__ENTRIES SUPPLIED__:
· · · · · · ·

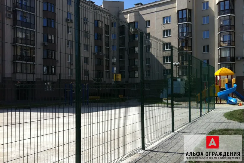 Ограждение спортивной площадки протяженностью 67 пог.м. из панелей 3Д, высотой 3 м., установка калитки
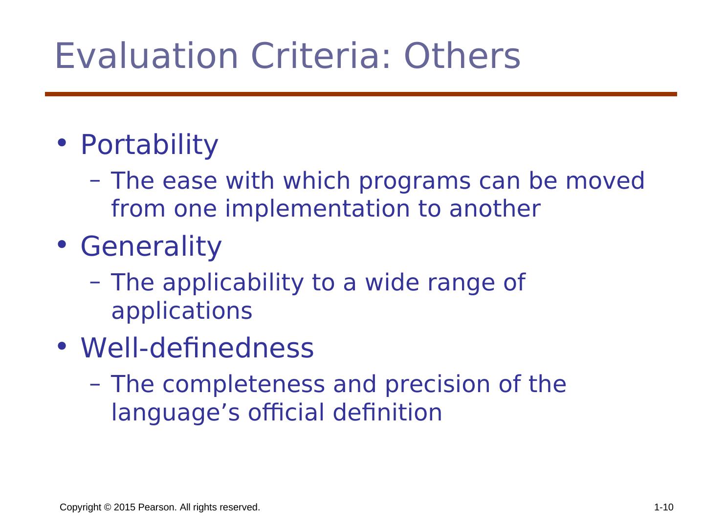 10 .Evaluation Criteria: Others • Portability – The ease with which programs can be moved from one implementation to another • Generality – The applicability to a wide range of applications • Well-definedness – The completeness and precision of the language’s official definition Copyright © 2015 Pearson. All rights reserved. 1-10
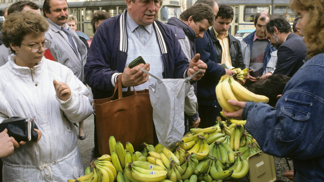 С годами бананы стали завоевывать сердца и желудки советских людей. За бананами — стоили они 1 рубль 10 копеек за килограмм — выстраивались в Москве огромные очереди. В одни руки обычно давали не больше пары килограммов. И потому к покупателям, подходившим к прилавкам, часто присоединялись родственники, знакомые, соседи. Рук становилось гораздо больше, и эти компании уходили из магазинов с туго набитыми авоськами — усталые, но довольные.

· · · · · · ·

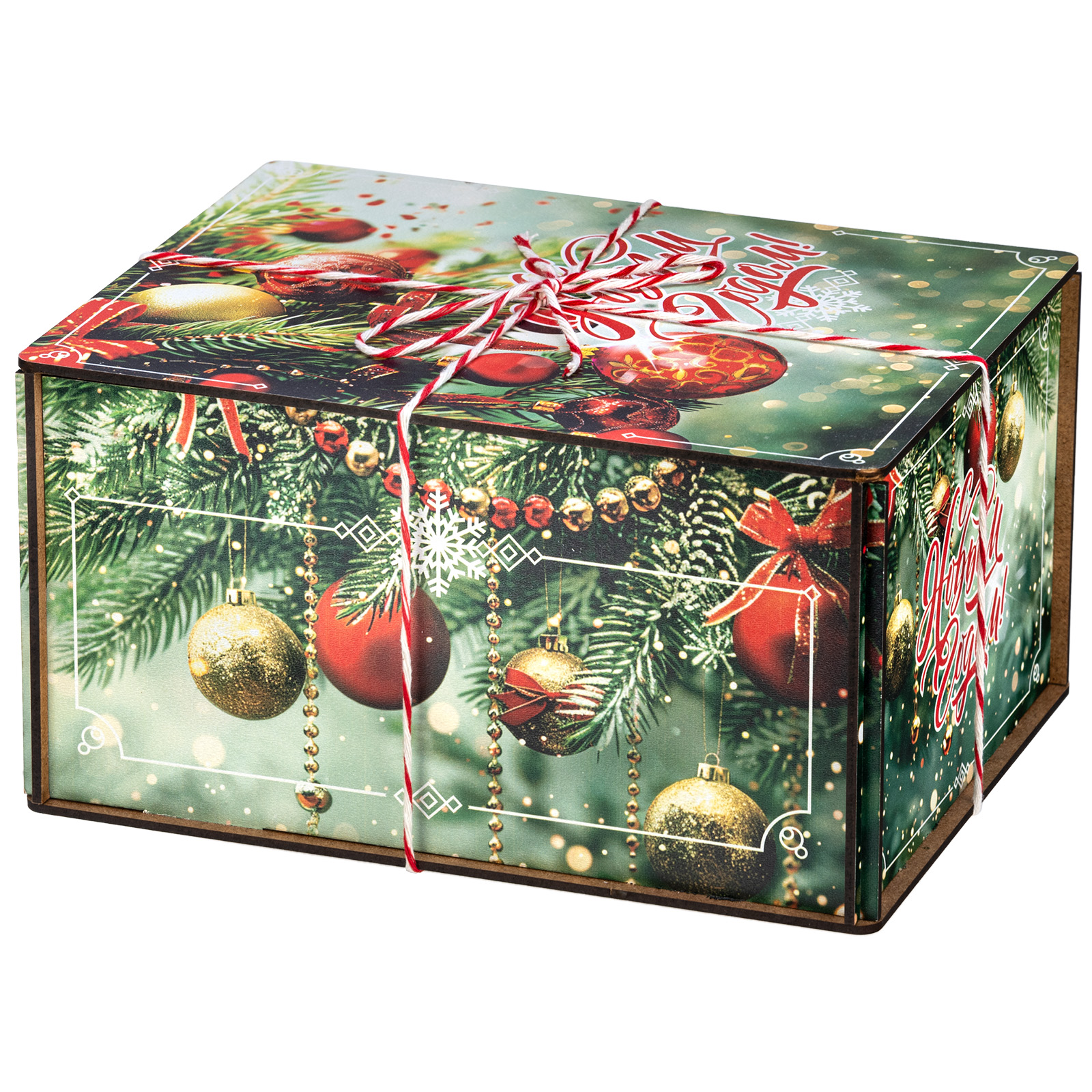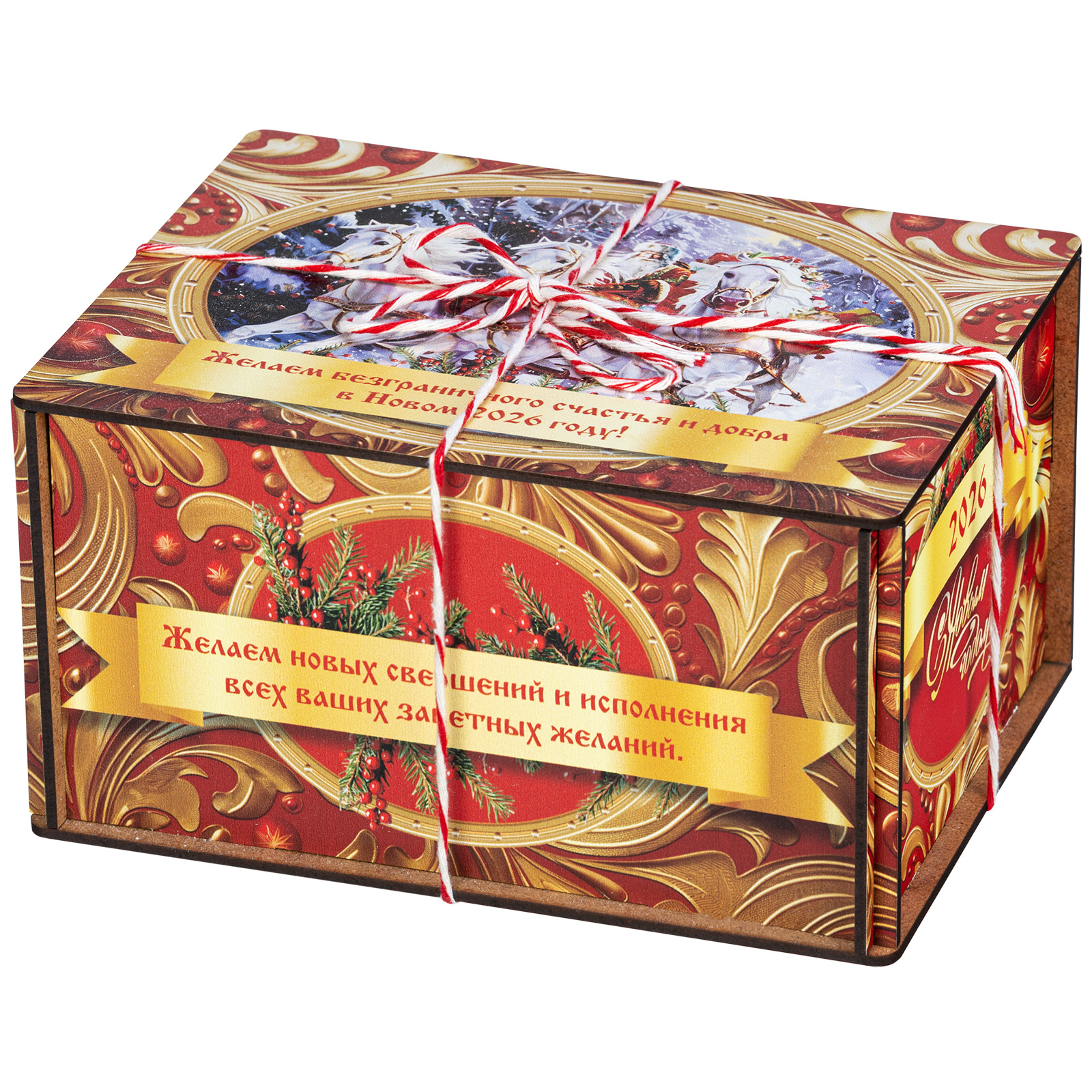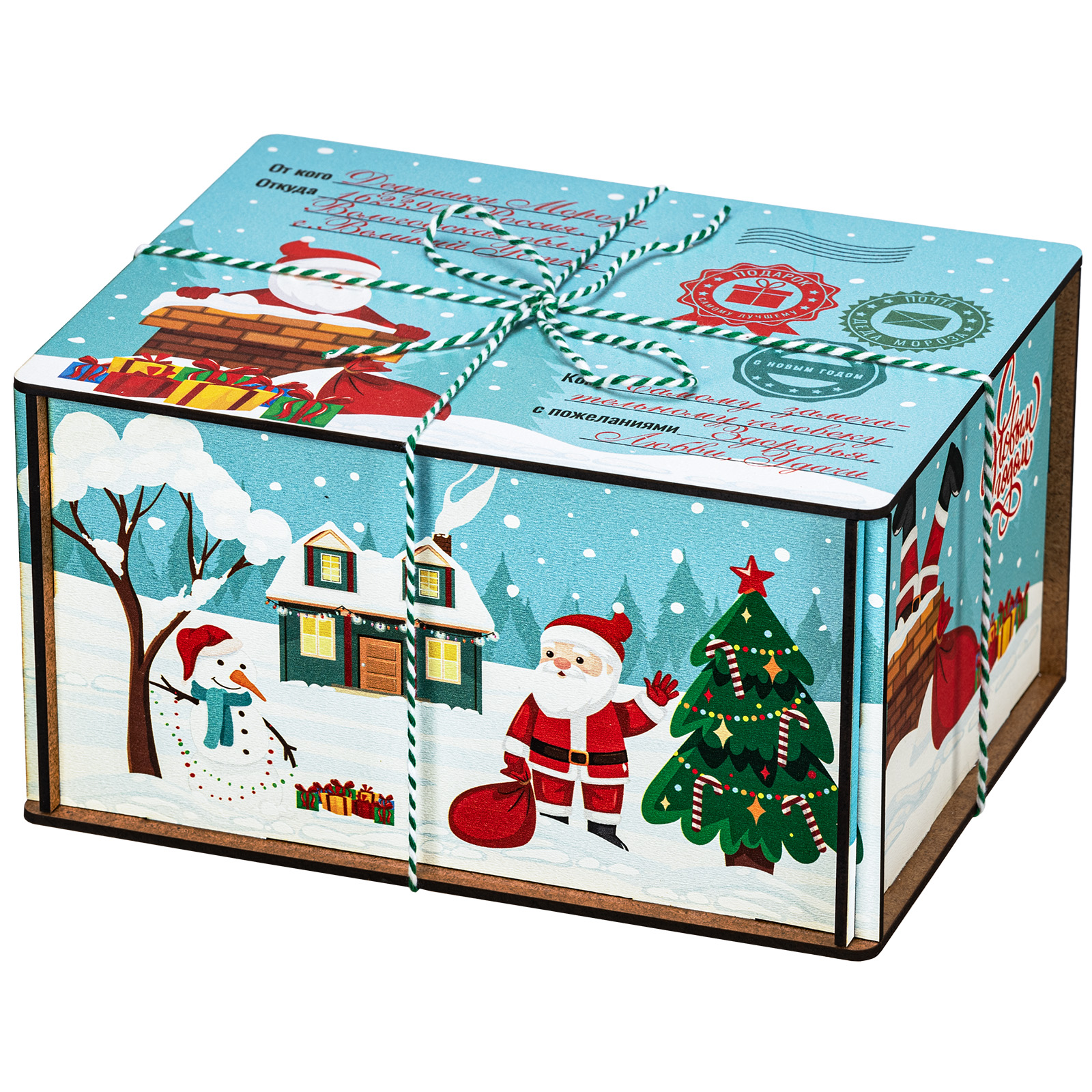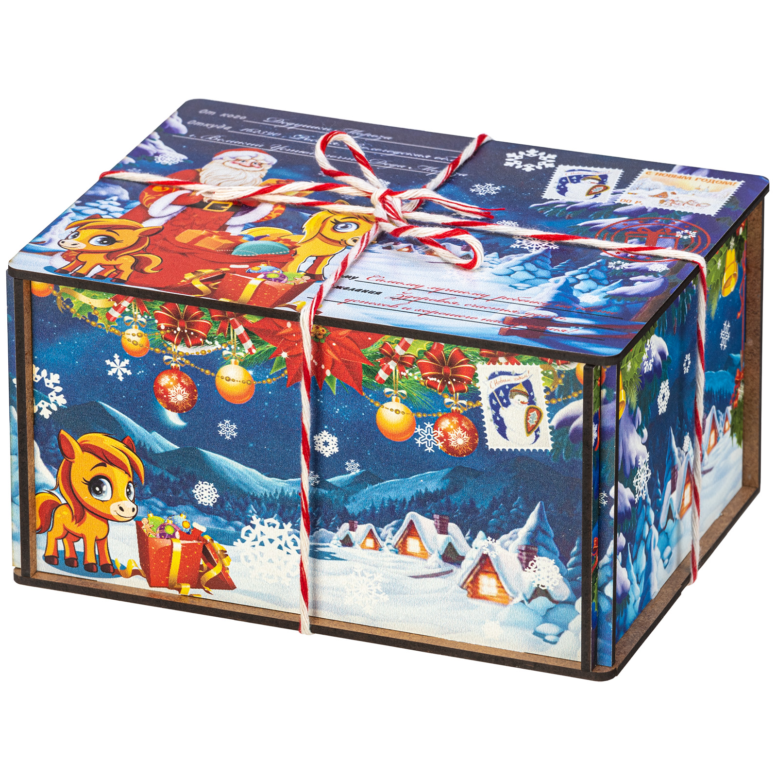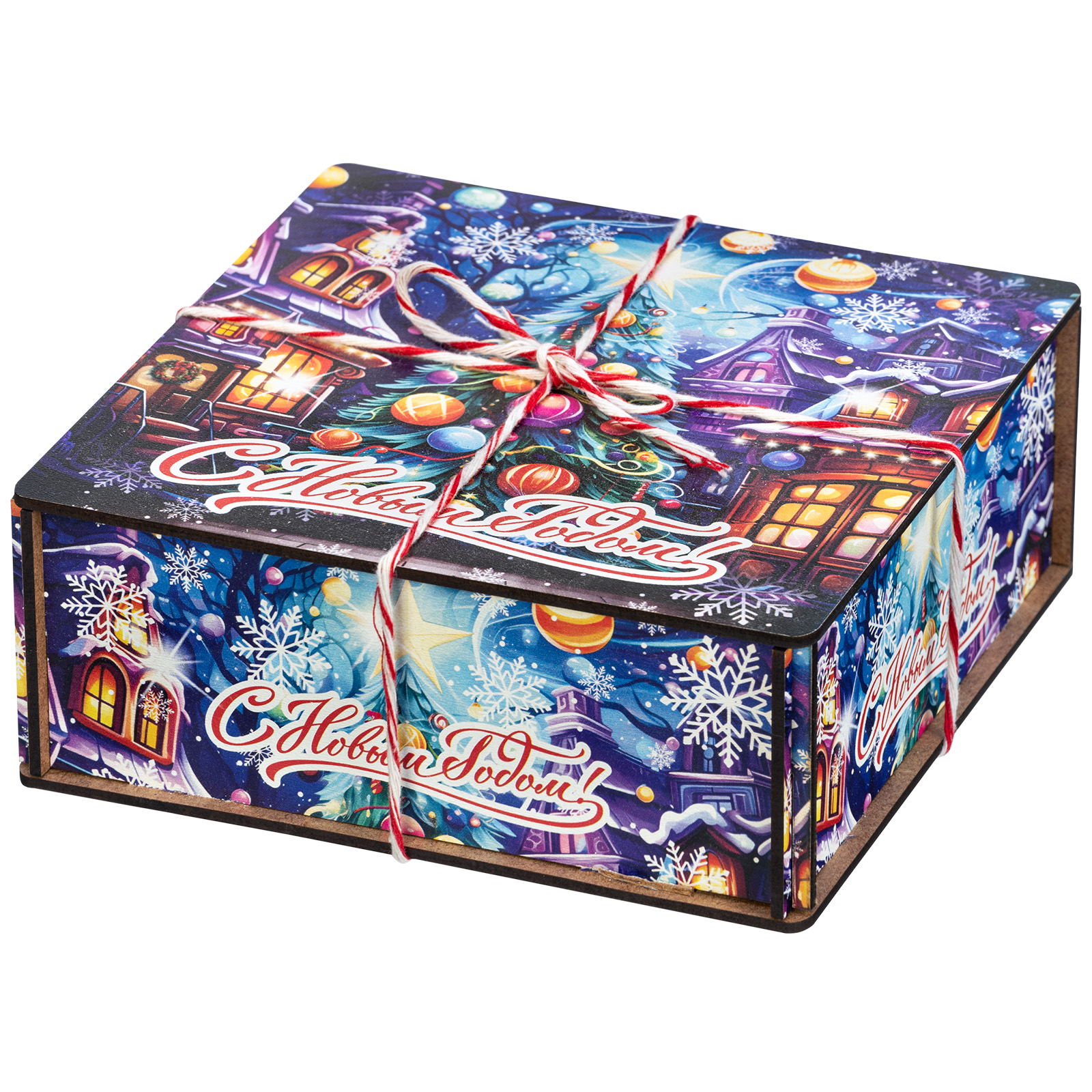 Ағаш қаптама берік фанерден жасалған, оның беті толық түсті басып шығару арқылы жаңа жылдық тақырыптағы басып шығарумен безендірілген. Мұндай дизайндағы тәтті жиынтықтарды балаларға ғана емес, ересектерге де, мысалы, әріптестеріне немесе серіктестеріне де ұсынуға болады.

· · · · · · ·

__EXERCISE REQUIREMENTS__: In the data above, take the line with "Ограждение спортивной площадки", the line with "С годами бананы", and every line between, and set them down exactly without pictures.

__RESPONSE TO THIS EXERCISE__:
 Ограждение спортивной площадки протяженностью 67 пог.м. из панелей 3Д, высотой 3 м., установка калитки
 10 .Evaluation Criteria: Others • Portability – The ease with which programs can be moved from one implementation to another • Generality – The applicability to a wide range of applications • Well-definedness – The completeness and precision of the language’s official definition Copyright © 2015 Pearson. All rights reserved. 1-10
 С годами бананы стали завоевывать сердца и желудки советских людей. За бананами — стоили они 1 рубль 10 копеек за килограмм — выстраивались в Москве огромные очереди. В одни руки обычно давали не больше пары килограммов. И потому к покупателям, подходившим к прилавкам, часто присоединялись родственники, знакомые, соседи. Рук становилось гораздо больше, и эти компании уходили из магазинов с туго набитыми авоськами — усталые, но довольные.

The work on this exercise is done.